Higher Ed Cloud and drivers

Kenneth Green recently completed the latest annual Campus Computing Project survey, where he noted that there’s still “little movement to the cloud for the really ‘big’ tasks.” He concluded that the reasons include the risks institutions perceive coupled with their lack of trust in cloud providers as well as their own lack of control with the cloud paradigm overall. This post provides some thoughts on these risks and perceptions as well as cost considerations, and also adds some additional color to the preparations institutions could contemplate when considering the cloud.

The first, regarding the perception of cost savings, or lack thereof, has more to do with applying specific domain context in a higher education budget framework, than with generic cross-industry savings claims. Without proper context, it’s difficult to understand if money will actually be saved because of the uniqueness in institution spending versus a typical business.

Consider the statement: “I will save money moving to the cloud because I don’t have to incur the capital expense of buying hardware.” Some cloud providers fuel this statement by claiming their cloud offering releases most of an IT organization’s capital expense investments (referring to buying servers, networking equipment software licenses and other necessary IT infrastructure up-front vs. pay as you go). Now, if you’re an institution of higher learning, in particular a public institution, the opportunity to incrementally add operating expense may be difficult to impossible for some institutions (even if it means eliminating a substantial capital expense). For example, consider an institution’s budget with a $10 million capital budget in the current year, with an operating expense budget that is flat with the prior year (meaning no net-new increases to operating expenses). The ability to acquire the necessary computing gear via the capital budget would be compelling in this instance, conversely saving on capital while incurring incremental operating expense isn’t ideal.

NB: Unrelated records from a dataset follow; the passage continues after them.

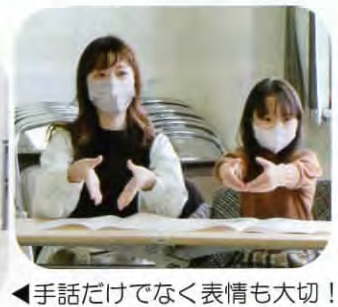
◀手話だけでなく表情も大切!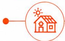
SISTEMAS SOLARES CASEIROS (SHS)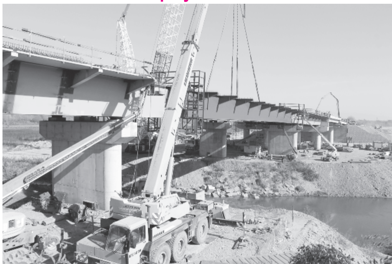
Marosbogátnál az autópálya része lesz a Maroson átívelő hid.

Nagy Tibor felvétele 2019 októberében készült

Of course capital versus operating expenses is a minor part of the cloud analysis. Actually, cloud ROI for an institution (beyond the nuance highlighted above) may have little to do with capital expenses and operating expenses by themselves. Instead, it may have much more to do with the time-value of money, which again requires the institution’s own budget context to understand, because generically there may not be anything inherently beneficial in switching from an upfront investment to a cash-outlay over time. It all depends upon the particular institution’s situation and alternatives.

In calculating cloud ROI, time-value requires a multi-dimensional consideration, because paying for something now versus over time may include alternatives such as:

  • What else can the capital expense be used for? Are there better uses for capital to further the mission of the institution?
  • What else can the incremental operating expense be used for?
  • Is our institution’s ability to budget for capital expense in out-years at risk?
  • Over time, what is the value of the capital budget dollars today versus next year?

I posted some additional thoughts on this here, including a review of a great post by blogger Joe Weinman on Cloudonomics. In a nutshell, on a per time unit basis, it is more expensive to rent than to buy, so the utility paradigm needs to be applied in order to accurately know when cloud is cost-favorable, including variable usage requirements and wasted capacity with owned hardware.

Beyond the cost equation though, many more considerations should play a role in the drivers of cloud for Higher Education, including improving service levels, scalability, ease of implementation, reliability, maintaining technical and application currency, ability to respond and implement quickly, and spending less time on upgrades.

Further, when considering vendors compare their various pricing models, such as per user, amount of data transacted and the amount of processing power consumed. Additionally, the cost of moving applications themselves to the cloud should be understood, including an identification process of sorting out core and non-core applications, understanding all the sources of data for each, where it’s coming from, and all the integration points. Then the user interface should be analyzed (standard or proprietary, does it depend upon middleware, and are the APIs baseline or custom). And finally, determine if in-house expertise to support cloud applications exists, what it would cost to acquire and retain them.

With the multi-dimensional equation mentioned above, the risks should also be analyzed carefully, which include:

  •  Technical challenges
  •  Secure, store, and backup data
  •  Security plans and encryption
  •  Policy and compliance challenges
  •  Audits, access, and support
  •  Regulatory policies and institutional policies
  •  Privacy challenges
  •  Securing the privacy of your constituents
  •  Vendor challenges
  •  Vendor claims, assets, and contracts
  •  Contractual and organizational flexibility
  •  Contingency plans


1 Comment

  1. Cloud solution can provide significant capacity benefits, can it provide effective integrated realtime applications functionality for staff, student and prospecting requirements? Most cloud application solutions are isolated, one off, stand alone, islands of information.